# Rafting the Middle Kings in California



## Dan McCain (Jul 4, 2012)

Video of our Middle Kings Trip

https://vimeo.com/72016739


----------



## Andy H. (Oct 13, 2003)

Wow.


----------



## Schutzie (Feb 5, 2013)

Epic!
But just as I suspected, your mothers did not approve!


----------



## kazak4x4 (May 25, 2009)

That was awesome! Sucks about the GoPro, river gods have mine as well 

Thanks for sharing!


----------



## laterwagged (Sep 29, 2011)

Thanks for bringing that to the masses. I'm certainly not planning on seeing that run first hand anytime soon (ever!). But lawdy is it beautiful.


----------



## Stiff N' Wett (Feb 18, 2010)

You guys are my heroes! That's amazing!


----------



## d.e. (Apr 5, 2005)

That's freakin awesome. I'm only disappointed you lost the upper footage and the video was so short because I didn't want to stop watching you guys making those moves. Huge props, that is quite the audacious expedition. The bar has been raised once again.


----------



## Soup76 (Aug 19, 2009)

That is just absolutely awesome! Thank you for sharing!


----------



## brandob9 (Jun 13, 2010)

Dan, I really think that has to be the raft trip of the year. You're winning the hardness, accessibility, remoteness and steepness categories.


----------



## ranamafana (Jul 18, 2005)

wow, beautiful footage, I have hiked along the upper Kings, and seen how burly it is. you guys are badasses! Any carnage along the way? Way to rock it in the R-2! Thanks for sharing


----------



## rivers2run (Jun 7, 2012)

That was epic, I looked at the Kings through the National Park, and thought no way anyone will ever run that monster. Can't imagine how tough the middle fork was. Loved the ending!


----------



## Whetstone (May 17, 2013)

Indeed! Tim Weaver showed me this a few days back. Epic does not do it.....this needs it's own word. Like "RAADIFUKINALL"


----------



## Junk Show Tours (Mar 11, 2008)

wow


----------



## Captain Tappan (Jun 12, 2013)

That was awesome guys!!! Might take me twenty more years to gain the skillz... But i'm definitely adding that river to the bucket list what kind of gear did y'all end up using for that trip?


----------



## 2tomcat2 (May 27, 2012)

Fantastic...never stop running


----------



## BarryDingle (Mar 13, 2008)

I knew who posted this before I even opened the thread...

Solid.


----------



## cupido76 (May 22, 2009)

Amazing!


----------



## tango (Feb 1, 2006)

impressive


----------



## fullmer (Aug 23, 2006)

Great video Dan! Our group was on the river about the same time as you. We passed your raft near Money Drop. By the way, I lost 12 pounds on that trip. The Middle Fork of the Kings truly is an epic journey.


----------



## Dan McCain (Jul 4, 2012)

Captain Tappan said:


> That was awesome guys!!! Might take me twenty more years to gain the skillz... But i'm definitely adding that river to the bucket list what kind of gear did y'all end up using for that trip?

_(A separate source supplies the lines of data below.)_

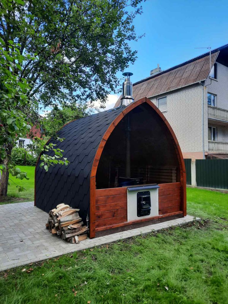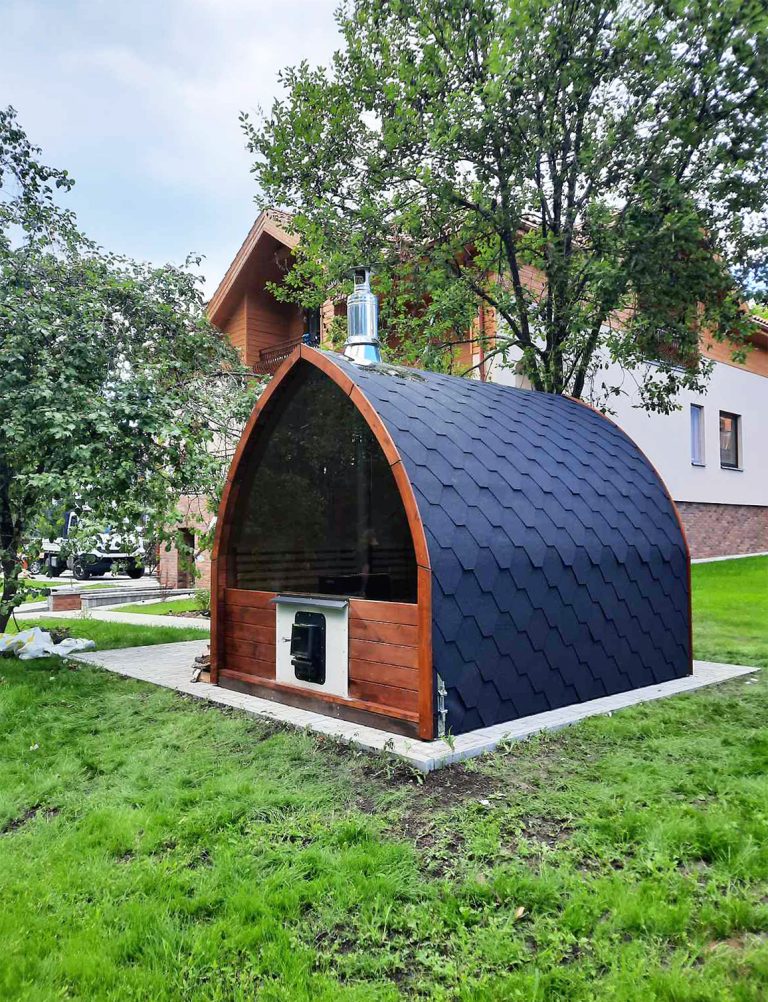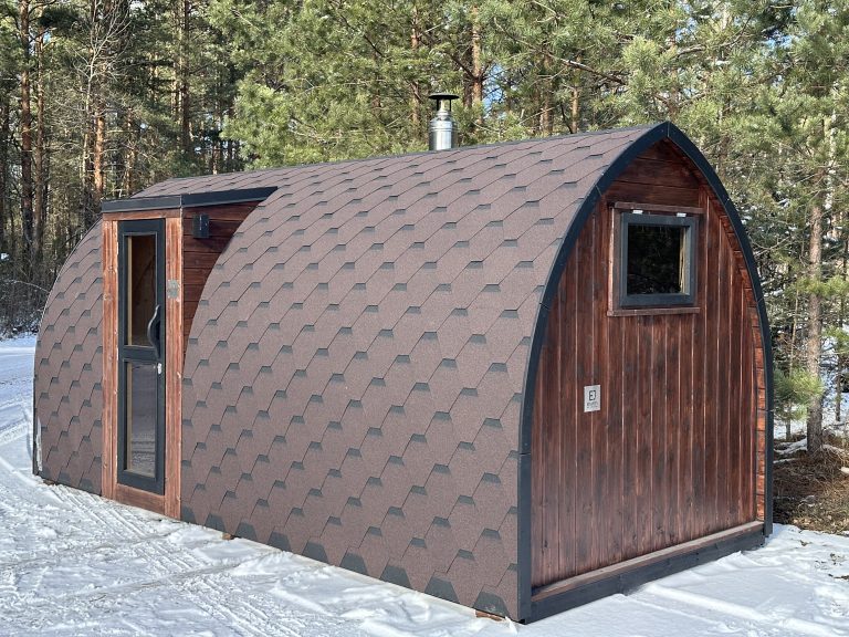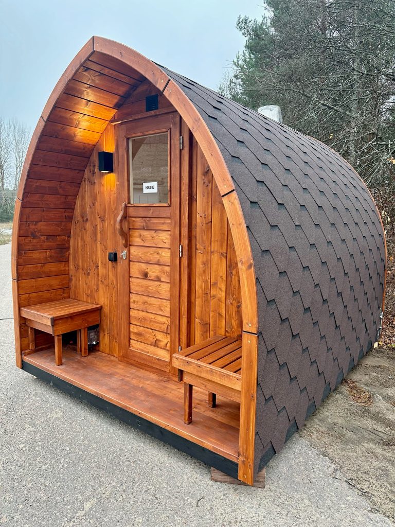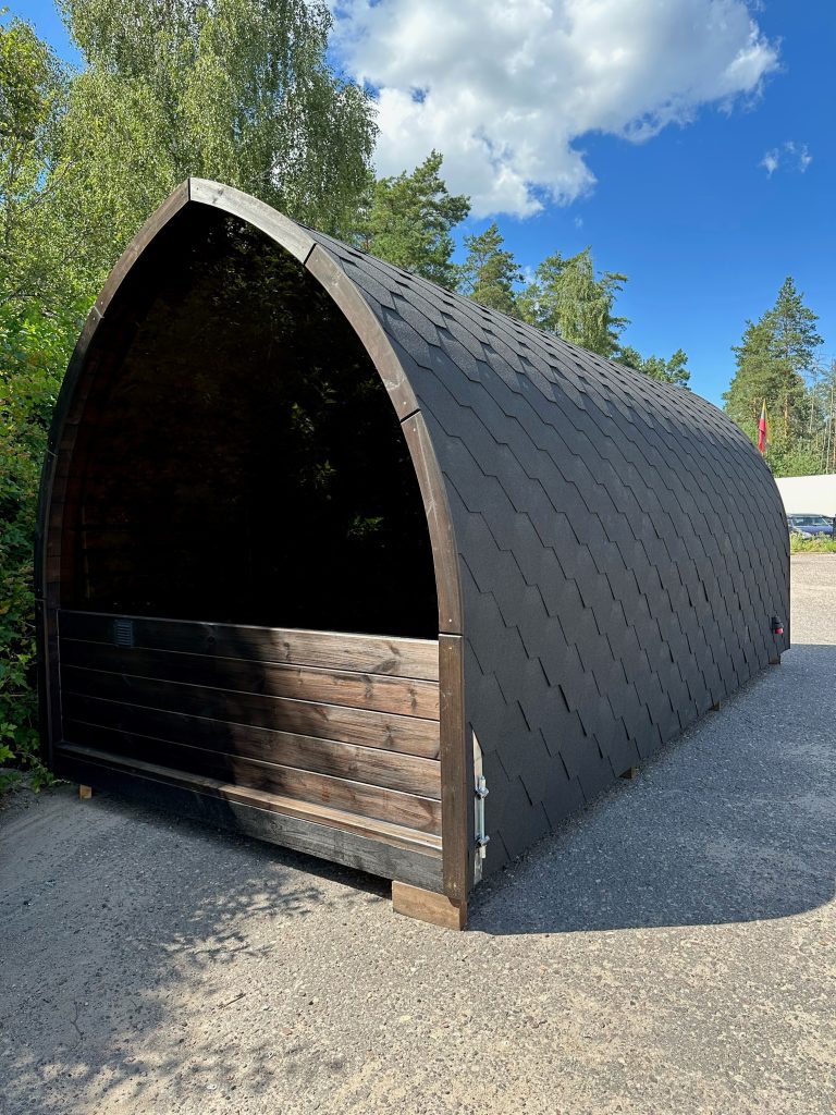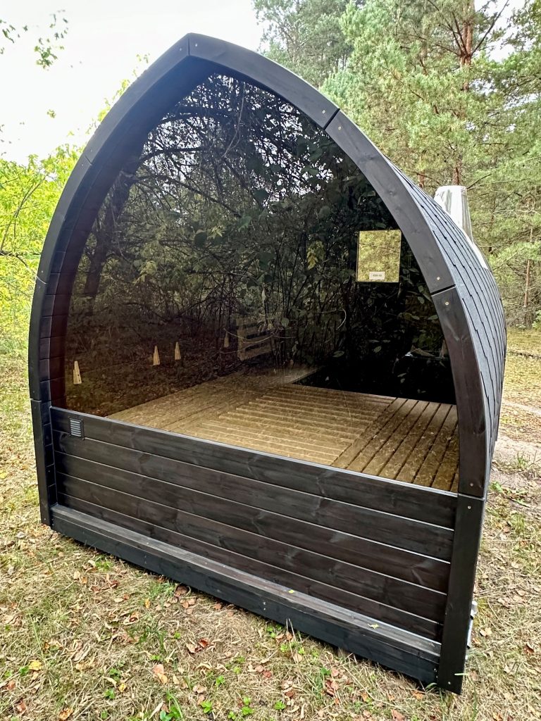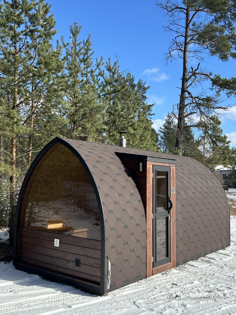 Išskirtinis dizainas, kuris paįvairins jūsų miesto namo, kotedžo, ar sodybos prie ežero aplinką. Trikampio formos iglu pirtis pasižymi netradiciniu stiliumi ir išplanavimu, sukuriančiu novatorišką atmosferą. Tokios formos pirtys būna įvairių dydžių ir turi suoliukus su atlošais nugarai.
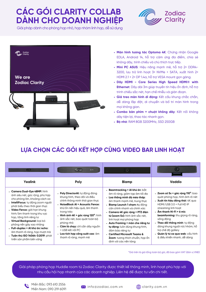 Combo Màn hình tương tác Optoma 5753rk & Vaddio Venture® VideoBAR cho phòng họp nhỏ/ Huddle room
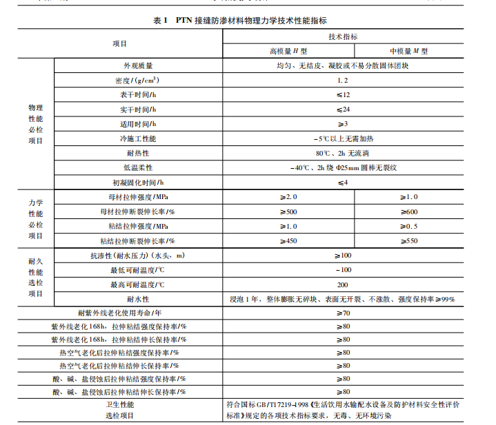 善混凝土性能,提高致密與防水性能。PTN 接縫防滲材料物理力學(xué)技術(shù)性能指標(biāo)見表 1[10-12]
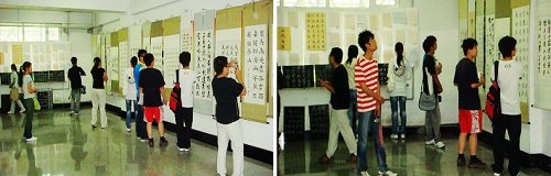 6月1日,人文学院中文系与齐齐哈尔市语言文学学会在东区人文楼二楼大厅联合举办素质教育成果展之“红烛杯”书艺作品展。本次展出集中展示人文学院中文系素质教育成果,是该系深入学习实践科学发展观,彰显中文专业特色,推动人文素质教育上水平、创特色的重要举措,激发了广大学生实践创新、苦练基本功的热情,吸引广大师生驻足浏览与欣赏。
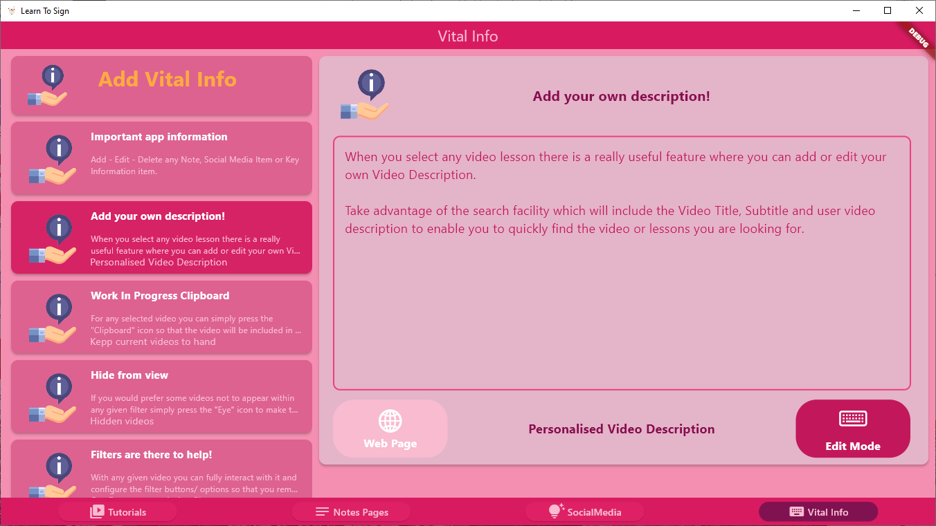 Over 200 Interactive Video Tutorial Guides on Learning How To Use Sign Language, with many user interactive features to make your learning experience as easy and as fun as possible.Each Tutorial is fun and easy to follow.App has a wealth of user interactive features to help you learn in the quickest time possible.Fully Customise and Maintain your own set of user notes within the self contained module Add and maintain your one touch Social Media Links to your favourite sites or user groupsKeep a customised set of \'Key Information\' details in the dedicated module so tou keep track of any vital info!All modules are there to help your learning experience all without the need to leave the app!Everything you need to learn as quickly as possible is included within the app
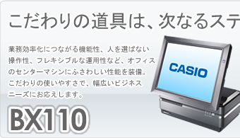 | オフィスの限られたスペースを有効的に活用できるコンパクトボディを実現。タッチパネル液晶を使っての画面直接入力も健在、スムースな業務処理をサポートします。シンプルなビジネス専用機として、BX110SV《コアボックス》、BX110の子機として多彩な運用が可能です。 | |
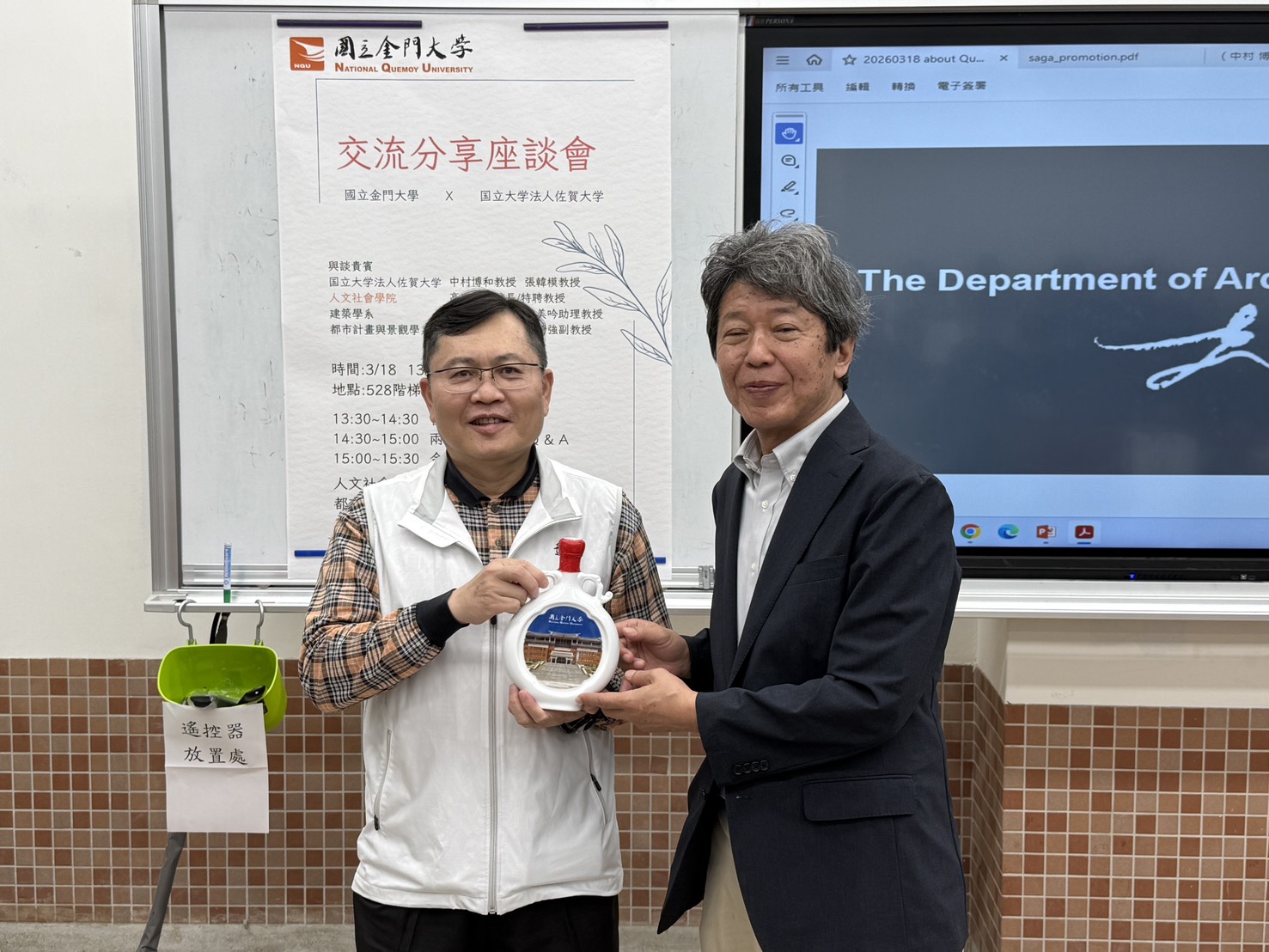 在交流座談的尾聲,雙方學者就如何將經濟學的政策誘因與空間規劃的實務設計進行有效鏈結,展開了熱烈的交叉討論。佐賀大學參訪團對於金門大學能充分利用其特殊的地理區位,連結國家公園、在地傳統聚落與人文歷史資源的「人文生態博物館」模式之課程內容表示讚許。對於台、日面對人口減少與城鄉發展日益失衡的嚴峻挑戰,雙方達成應更積極結合公私部門力量,實踐「越是在地,越是國際」及推動跨域共榮的地方創生理念。最終本次國際交流活動,在雙方互贈紀念品與校園走讀導覽後圓滿落幕;雙方亦將著手後續更具深度與精彩的國際交流活動規劃。

The raft was an AIRE 13D which we put through a lot of abuse throughout the trip and it came back without a scratch. There is no other raft I would have taken in besides an AIRE as they take a beating and perform very well which was crucial on that river. We took watershed bags which were crucial as we had a lot very important items, including my blood testing stuff and the spot in case we needed a rescue, and the bags came back looking like new even though we put them through a very large amount of abuse on the hike in and the portages. The paddles were sawyers guide paddles which we definitely needed as many of the slides were low volume so the blades took a lot of abuse trying to keep our angles dragging them on the granite. The trip is truly amazing and definitely worth it but be prepared to run a lot of very hard nearly unrunnable rapids and get mules to hike the gear in as I would not recommend hiking a raft in there as if was miserable to say the least.


----------